Curiosamente ven lo mismo que el gobierno ve. Esto no es pura coincidencia. Habría que ser muy ingenuo para no inferir una campaña comunicacional y de imagen atrás de tantísima tinta generosa: Todos sabemos que a México le cuesta miles de millones de pesos que Peña Nieto tire rostro. Es un hecho que el presidente lleva 15 años en una campaña de imagen patrocinada por los mexicanos.
Time et alii están en todo su derecho de publicar “textos favorables”. Sólo creo que el periodismo es más valioso cuando se dedica a señalar lo que no funciona que cuando repite lo que los poderosos ya han tenido oportunidad de decir mil veces.
No estaría de más ofrecer a Crowley y a sus jefes algunas ideas para sus próximos textos:
No ha disminuido la pobreza en México, según determinó el Center for Economic and Policy Research (CEPR), con sede en Washington. Pese a esto, el gobierno subió los impuestos y desató la inflación (economia.terra.com/banco-central-de-mexico-esta-abierto-a-subir-tasa-si-inflacion-empeora,467d039fb6724410VgnCLD2000000dc6eb0aRCRD.html).
La Cruzada Contra el Hambre no ha funcionado (Proceso 1944).
No ha bajado la violencia sino al contrario: sólo la ha ocultado, como documentó el Séptimo Informe Ejecutivo del Observatorio de los Procesos de Comunicación Pública de la Violencia (es.scribd.com/doc/134703788/Septimo-Informe-Observatorio-ACIV-Version-Final).
No ha llegado más inversión extranjera.
Peña no ha exigido disculpas a Estados Unidos por el espionaje.
Tampoco ha cumplido el “caiga quien caiga” que prometió (Carlos Romero Deschamps sigue libre).
No se han creado empleos formales (al contrario).
No se ha aclarado el Monexgate (Proceso 1941).
No es aplicable ninguna de las reformas estructurales, porque faltan las leyes reglamentarias (excelsior.com.mx/nacional/2014/02/10/942991).
No se sabe si Peña nos tomó el pelo con el programa de rescate para Michoacán (al presumir programas ya acordados: provincia.com.mx/pena-nieto-rescataria-a-michoacan-con-recursos-ya-asignados/) o a qué proyectos les arrancará 45 mil millones de pesos para cumplir su promesa.
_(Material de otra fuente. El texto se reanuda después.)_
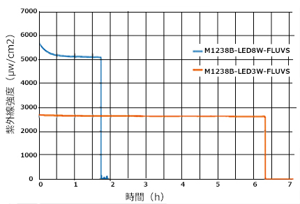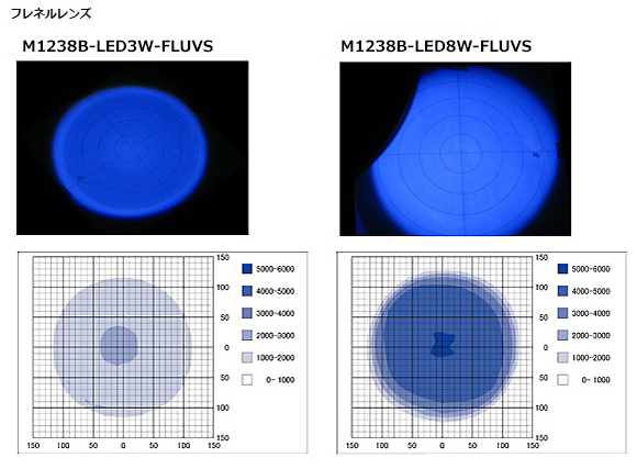 | ■特長 ●リチウムイオンバッテリーを充電池にしたコードレスライトです。 コードが付いた物と比較にならない機動性を発揮できます。 充電するときは本体ごとでも、バッテリー単体でも充電器にセットできます。 バッテリーは3.5時間で満充電になります。満充電での使用時間は約2時間です。 リチウムイオンバッテリーなので途中追加充電をしてもメモリー効果などによる容量不足が発生しません。 充電回数はおおむね500から700回程度です。バッテリー単体での購入もできます。 ●フレネルレンズ ライト部に紫外線透過樹脂のフレネルレンズを使用しており、UVLEDから発する紫外線を効率よく集光しています。 おおよそ75%程度均一な照射面ができます。(LEDがある中心部は若干強い紫外線強度があります) 400ミリ離れたところで、トプコン社製の紫外線強度計計測で約5000μW/cm2の紫外線強度で直径220ミリの範囲に照射できています。 ●M1238B-LED8W-FLUVSは、より出力の強い紫外線LED採用。M1238B-LED3W-FLUVSと比べて中心で2倍程度の紫外線強度が得られます。 ![]() ●連続点灯時間 約2時間連続して照射することができます。 光源がLEDなので、スイッチを入れるとすぐ点灯します。またスイッチを切ってもすぐに再点灯が可能です。 従来品は電源を入れてから安定した紫外線を出すまでに数分を必要とし、また一度スイッチを切ってしまうとライト部が冷えるまで再点灯ができませんでした。これに対し本器は使いたいときにすぐ使える紫外線ライトです。 ![]() ●ヒートシンク どの方向で使用しても、効率よく放熱できます。 ●ハンドランプとして 作業用だけでなく、検査・点検などにも。 ●投光器として 置いて使用することにより、両手が自由に使えます。 ●照明部は最大90°回転することができるので、照らしたい方向へピンポイントで向けられます。 ●防塵・防滴の保護等級はIP54。水のかかるような場所でも使用できます。 ![]() ■用途 ![]() ●車のクーラーサイクルのレアリークチェック用紫外線光源 ●エンジンブロックのオイル漏れチェック用紫外線光源 ●紫外線硬化パテ・紫外線硬化塗料・紫外線硬化樹脂の硬化促進用光源 ●病院・宿泊施設などの有機汚れ目視チェック用光源 ●繊維ホコリの目視検査用光源 ■仕様

No queda claro por qué su gobierno se apresuró en avalar las autodefensas sin depurarlas primero y después de haberlas intentado detener y luego desarmar. Pero tampoco se han aclarado los señalamientos legítimos sobre narcofuncionarios.
El sistema judicial liberó a Caro Quintero y luego ordenó reaprehenderlo.
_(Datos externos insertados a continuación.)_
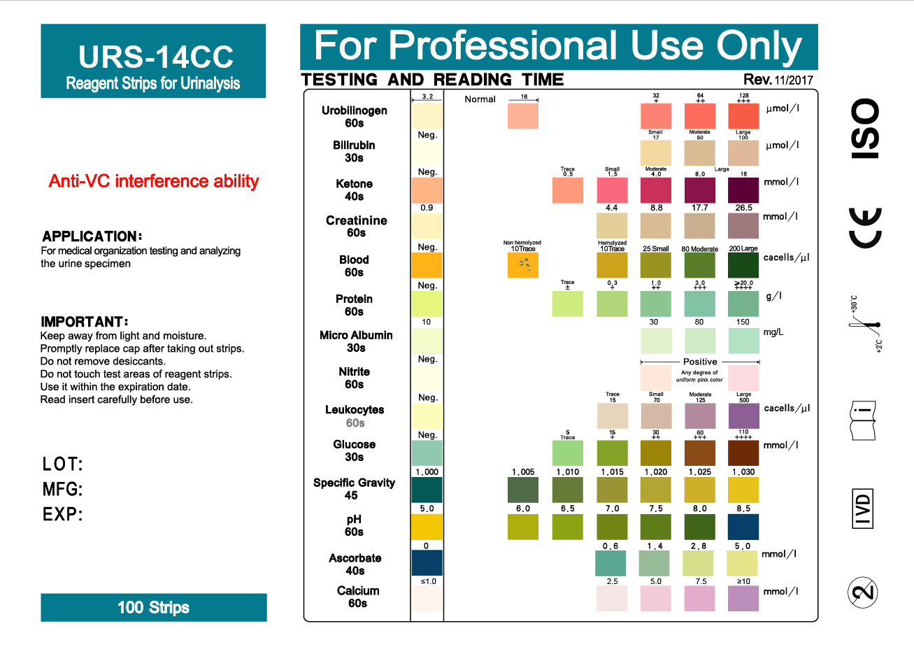 Export English neutral packaging URS-14 urine fast detection analysis test paper strips 14 items of cross-border e-commerce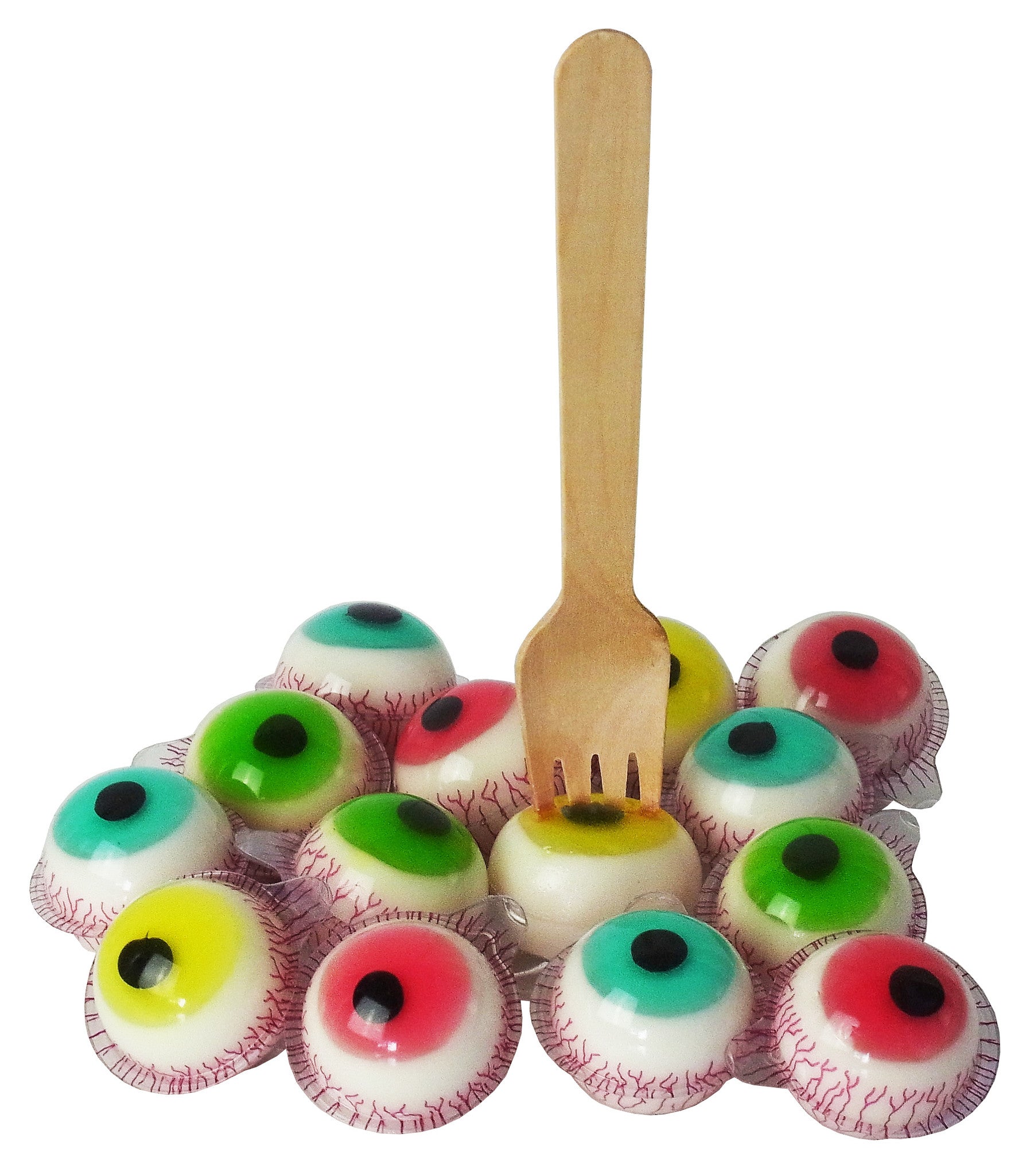 - es handelt sich bei den Augen um ein Schaumzucker Gummibonbon mit fruchtiger Füllung, die fruchtige Füllung kommt besonders dann eindrucksvoll zur Geltung, wen man ein Auge mit der Gabel aufspießt - Augen sehen "echten" Augen sehr ähnlich!

Nadie ha incomodado el sueño (ni la fortuna) de Raúl Salinas, Arturo Montiel, Emilio Azcárraga, Ricardo Salinas Pliego y tantos otros.
No se creció económicamente a los niveles prometidos.
La represión de los movimientos sociales ha aumentado (Proceso 1939).
No han hecho nada para frenar la matazón de periodistas… apenas hoy jueves se enterró al más reciente.
Así que, bueno, los salvadores hacen milagros. Los reporteros señalan problemas. Y los gobernantes los resuelven.